As told by Richard Novak, co- founder of NHS/Santa Cruz Skateboards

“In 1973, my partners Doug Haut, Jay Shuirman and I sold fibreglass raw materials to surfboard shops, Boat makers and guys that made fairings for race cars and tomato carriers. We sold this guy a bunch of pultruded fibreglass sheet material. He burned us, so we went back and picked it all up from him. A the same time, a friend of ours, Jimmy Hoffman, was living in Hawaii, and on a surf trip over there, the McCully Bike Shop people in Honolulu asked us if we could make and sell them some skateboards. We were already making surfboard fins so it was easy for us to make some skateboard decks from all this left over fibreglass material. We made 500 skateboards, with loose ball bearings, urethane roller skate wheels and roller skate trucks, and they sold out immediately. We built another 500 boards and they sold out, too. Overnight we were in business. Then in late 1974 this guy Tony Roderick came into our surf shop with a revolutionary idea of blending a precision bearing, used in copy machines, with a urethane wheel. We helped him tweak it a bit so it would work, and thus spawned the Road Rider Wheel. From that day forward the Road Rider Wheel and precision bearing changed skateboarding forever.

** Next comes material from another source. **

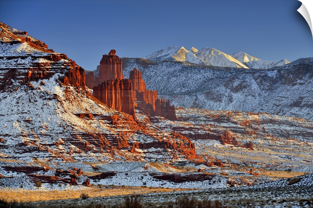 <p>Castle Valley and La Sal Mountains in winter near sunset, Colordao Riverway Recreation Area, Utah, USA</p>
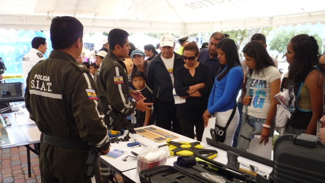 Quito.- La Policía Nacional, a través del Distrito La Delicia de Quito, realizó el domingo 27 de abril en el barrio Carcelén, la feria de seguridad ciudadana “Por una comunidad más segura y libre de estigmatización”. El objetivo de los agentes fue establecer los contactos ciudadanos, mediante la exposición de servicios policiales, que permitan una mejor relación y por ende un trabajo coordinado por la seguridad, entre la institución policial y los habitantes.

Also at that time, Ron Bennett developed the Benet Truck, while G&S had the fibreflex board. We all ran into each other in L.A. at the Hang Ten contest in 1975 and said, OK, we have skateboard wheels and bearings. We have skateboard trucks. We have composite skateboard decks. The three main components are now all leading edge and designed specifically for skateboarding. Now we have a real skateboarding industry. This group was Bill Bahne, Jay Sherman, Brian Logan, Dave McIntyre, Dave Dominy, Paul Sims, Ron Bennet, a couple of guys from Skateboarder magazine and me. We were interested in setting the foundation of an actual skateboard industry, not reliant on anyone but ourselves. We wanted to support pro riders, promotion and advancement in technology. Before that, it was just a fad. After we set it all up, it was an actual industry. And here we are today – NHS is still rolling 40 + years later, always innovating and always having fun.”